Each record below is to be copied word for word, with pictures removed.

[Items from a data source]
####
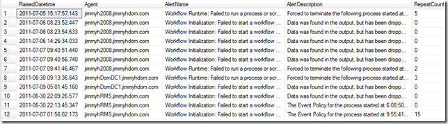 The descriptions on these alerts will give details about the workflow that failed and the script or WMI error. It’s important to review these alerts to determine if there is:
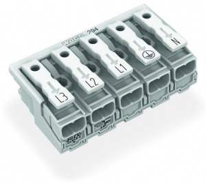 —294-5015 Соединитель для светильников; нажимная кнопка, внешняя; без заземляющего контакта; L3-L2-L1-PE-N; 5-пол.; Стор. свет.: для одножильных проводников; Инст. стор.: для всех типов проводников; макс. 2,5 мм2; Темп. окруж. среды: макс. 85 °C (T85)
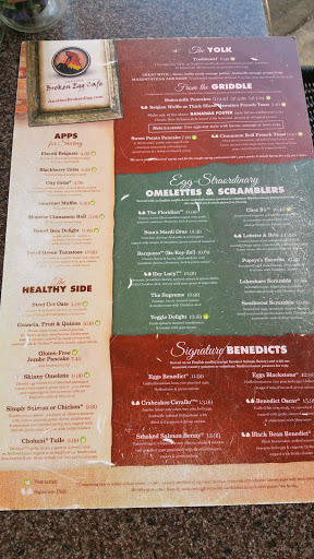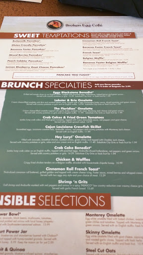 I just had breakfast there this morning. I took pictures of the place because it was my first time patronizing the place, and had come here to read the reviews beforehand. This is not a greasey grill, nor is this where you ought to go if youre worried about spending. I ordered the "Popeye Scramble" which had bacon, spinach mixed into the scramble, and melted cheese on it. The potatoes were cubed, and they tasted good. The scramble tasted fair. There was also a toasted muffin with a little cup of butter to the side, in case you wished to not do with the calories. I did. I also used the jam that was on the table in individual serving packets, but these were not the common fare youd find -- it was Dickensens brand -- and I found Pure Marion Blackberry, Pure Concorde Grape, and Pure Pacific Mountain Strawberry flavors. I also sampled their own brand of pepper sauce: Another Broken Eggs Pepper Sauce, by putting a dab on my spoon to taste, and THAT I would say could go. But you should know that this place is more for breakfast as a social occasion, to sit and enjoy with friends and good conversation. They even have a bar and serve wines and coffeed cocktails. I hope the pictures come through with this review. Take a look for yourself. If youre looking for value for your buck for breakfast, go to McDonalds which is right in front of Another Broken Egg, or go to some other greasy grill place. If youre discerning, willing to spend a little to be able to expect and demand attention, as well as enjoy a clean dining area, then this would suffice. My only possible reason to complain would be that I had to ask my waiter for more water. That came right away, as did my food order not long after Id ordered it. I gave it stars on all counts, but check it out for yourself. There is a menu online you can look at, and I just checked -- my pictures I uploaded are pending approval by Google before theyre posted. This cafe does not have paper napkins on the tables -- theyre cloth, so be fair in your expectations and assessment. I went there to treat myself, and it was a treat.
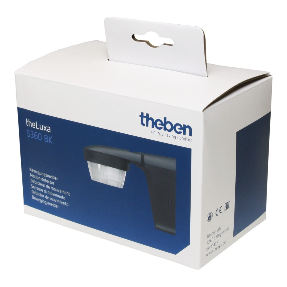 - Zewnętrzny ruchomy czujnik ruchu theLuxa S360 360° 16m IP55 czarny THEBEN
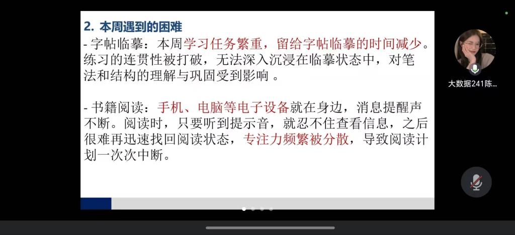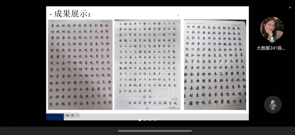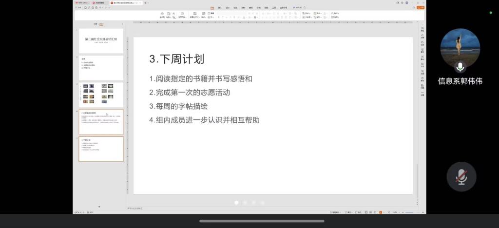 会议开始,各小组汇报了第四学期第二周开展情况,分别展示了各组每位同学字帖临摹成果、SHSJ-209小组回访母校进班宣讲、SHSJ-211小组家乡美——打卡博物馆活动、SHSJ-210、SHSJ-212、SHSJ-213、SHSJ-214小组线上读书交流活动等情况,交流了社会实践学期的经验和感悟,并对后续活动开展做出计划。指导教师郭伟伟对家乡美和回访母校活动予以肯定,并对读书交流活动详细指导,为后续活动计划把关,并对学生的困惑逐一分析解答。郭老师再次强调社会实践要注意安全,要体认融入社会的重要性和必要性,爱国爱校,传递传承。
####
▸ Exercise result
 The descriptions on these alerts will give details about the workflow that failed and the script or WMI error. It’s important to review these alerts to determine if there is:
 —294-5015 Соединитель для светильников; нажимная кнопка, внешняя; без заземляющего контакта; L3-L2-L1-PE-N; 5-пол.; Стор. свет.: для одножильных проводников; Инст. стор.: для всех типов проводников; макс. 2,5 мм2; Темп. окруж. среды: макс. 85 °C (T85)
 I just had breakfast there this morning. I took pictures of the place because it was my first time patronizing the place, and had come here to read the reviews beforehand. This is not a greasey grill, nor is this where you ought to go if youre worried about spending. I ordered the "Popeye Scramble" which had bacon, spinach mixed into the scramble, and melted cheese on it. The potatoes were cubed, and they tasted good. The scramble tasted fair. There was also a toasted muffin with a little cup of butter to the side, in case you wished to not do with the calories. I did. I also used the jam that was on the table in individual serving packets, but these were not the common fare youd find -- it was Dickensens brand -- and I found Pure Marion Blackberry, Pure Concorde Grape, and Pure Pacific Mountain Strawberry flavors. I also sampled their own brand of pepper sauce: Another Broken Eggs Pepper Sauce, by putting a dab on my spoon to taste, and THAT I would say could go. But you should know that this place is more for breakfast as a social occasion, to sit and enjoy with friends and good conversation. They even have a bar and serve wines and coffeed cocktails. I hope the pictures come through with this review. Take a look for yourself. If youre looking for value for your buck for breakfast, go to McDonalds which is right in front of Another Broken Egg, or go to some other greasy grill place. If youre discerning, willing to spend a little to be able to expect and demand attention, as well as enjoy a clean dining area, then this would suffice. My only possible reason to complain would be that I had to ask my waiter for more water. That came right away, as did my food order not long after Id ordered it. I gave it stars on all counts, but check it out for yourself. There is a menu online you can look at, and I just checked -- my pictures I uploaded are pending approval by Google before theyre posted. This cafe does not have paper napkins on the tables -- theyre cloth, so be fair in your expectations and assessment. I went there to treat myself, and it was a treat.
 - Zewnętrzny ruchomy czujnik ruchu theLuxa S360 360° 16m IP55 czarny THEBEN
 会议开始,各小组汇报了第四学期第二周开展情况,分别展示了各组每位同学字帖临摹成果、SHSJ-209小组回访母校进班宣讲、SHSJ-211小组家乡美——打卡博物馆活动、SHSJ-210、SHSJ-212、SHSJ-213、SHSJ-214小组线上读书交流活动等情况,交流了社会实践学期的经验和感悟,并对后续活动开展做出计划。指导教师郭伟伟对家乡美和回访母校活动予以肯定,并对读书交流活动详细指导,为后续活动计划把关,并对学生的困惑逐一分析解答。郭老师再次强调社会实践要注意安全,要体认融入社会的重要性和必要性,爱国爱校,传递传承。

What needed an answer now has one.